The following is an excerpt from JODI KANTOR | January 6, 2017 | Nytimes.com |
On Jan. 20, Michelle Obama will hand her home over to a man who rose to power in part by spreading lies about her husband and intends to pulverize much of his work. If presidential tradition and her own recent conduct are any guide, she will carry herself through inauguration morning with quiet calm and few hints of what she is really thinking. After Donald J. Trump recites the oath of office, a helicopter — no longer called Marine One, because the president will not be on board — will lift the Obamas into new lives.
Soon after, Michelle Obama will have a choice to make: Should she start — or rather, resume — speaking in public with her fuller voice?

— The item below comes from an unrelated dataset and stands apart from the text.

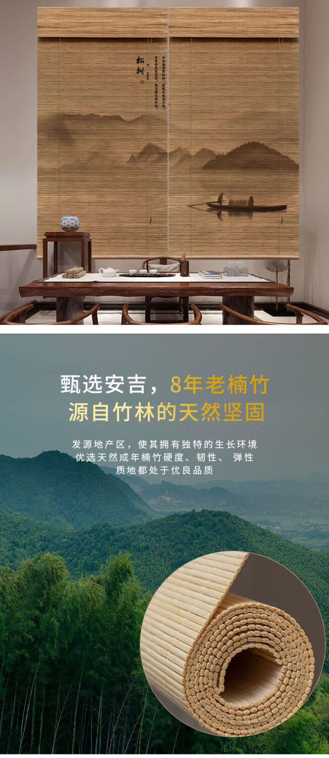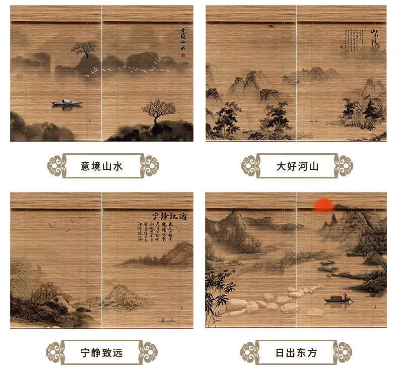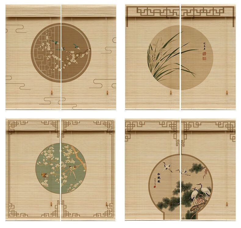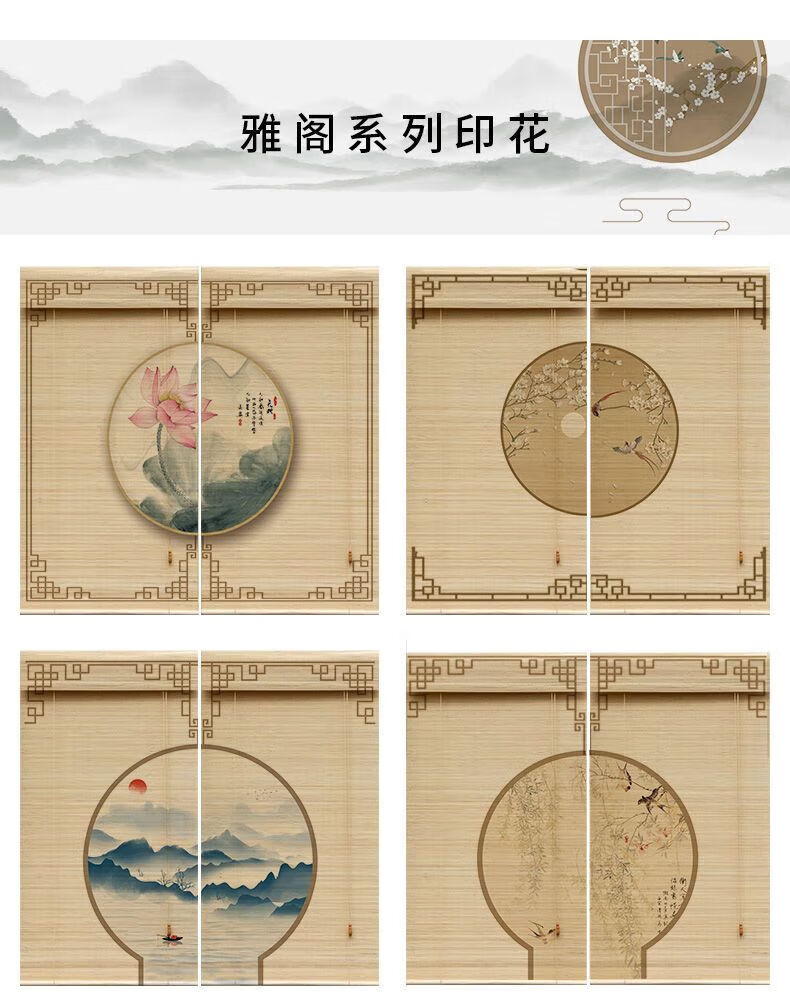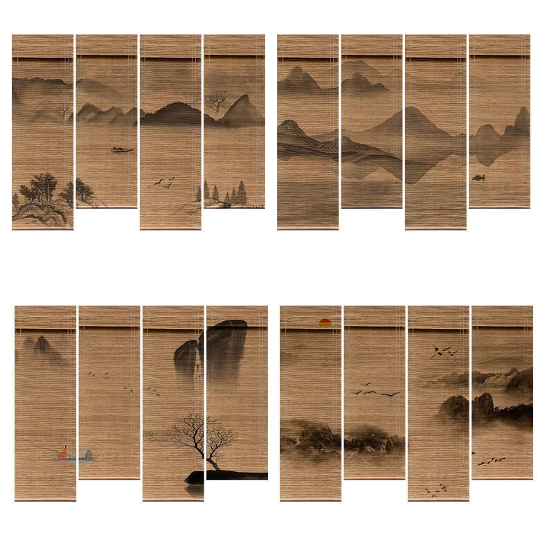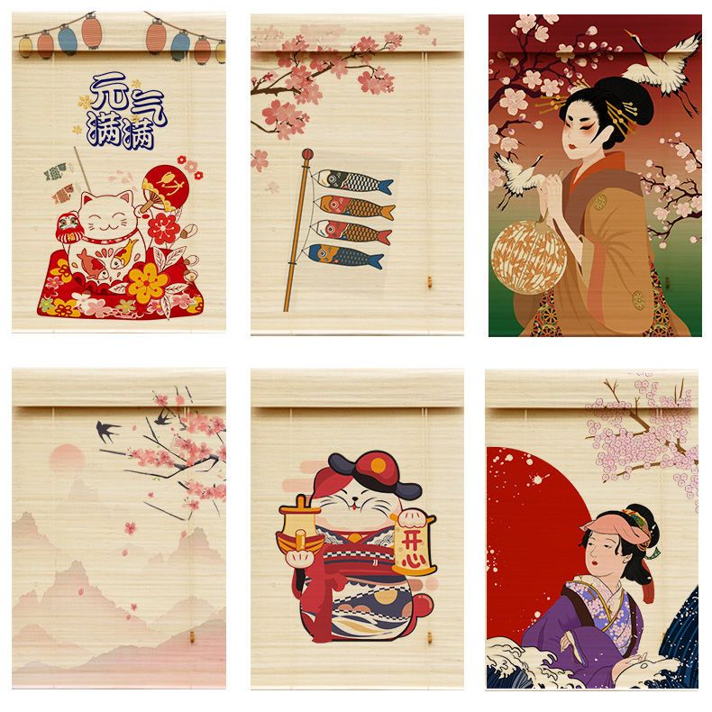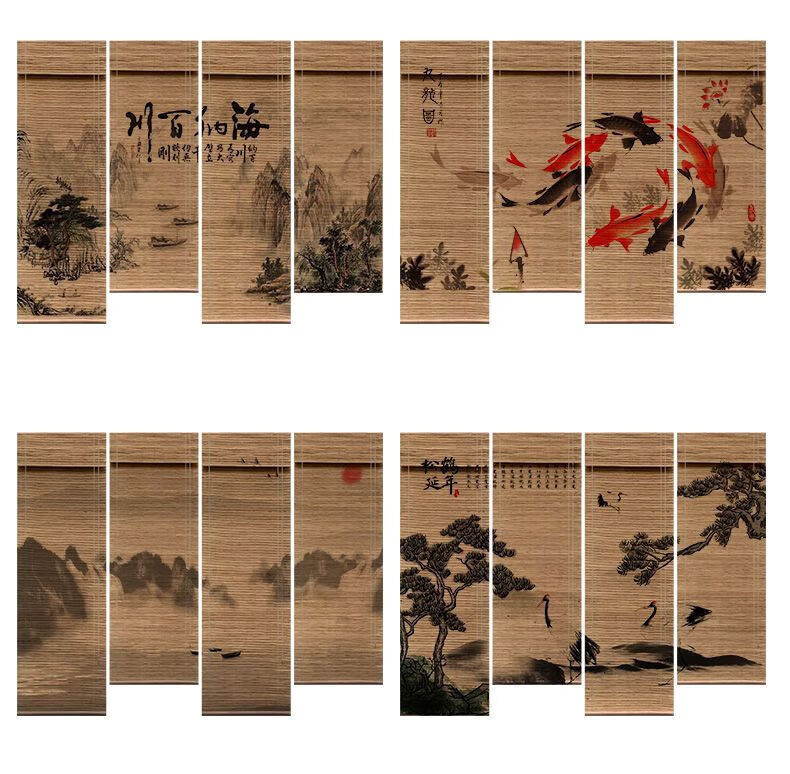 Shuxuan Printed Bamboo Curtain Roller Curtain Roll-pull New Chinese Style Tea Room Zen Door Curtain Sun Shade Partition Decorative Curtain Nine Fish 1m*1m

When her husband became the 2008 Democratic nominee for president, Mrs. Obama edited herself. She had to, in the face of unceasing Republican attacks and then the challenge of being the first African-American first lady. Her statements were authentic but limited. She called herself the “mom in chief” and charmed late-night TV hosts in clips that exploded the next day on social media. Sometimes she spoke as much with her body as her voice, hula-hooping and hopscotching with children, turning some of her appearances into marathon hugging sessions. She became a specialist in light jokes, like in September, when she went on a shopping expedition with Ellen DeGeneres to CVS. “Wine in a box! How does this work?” she asked in mock wonder.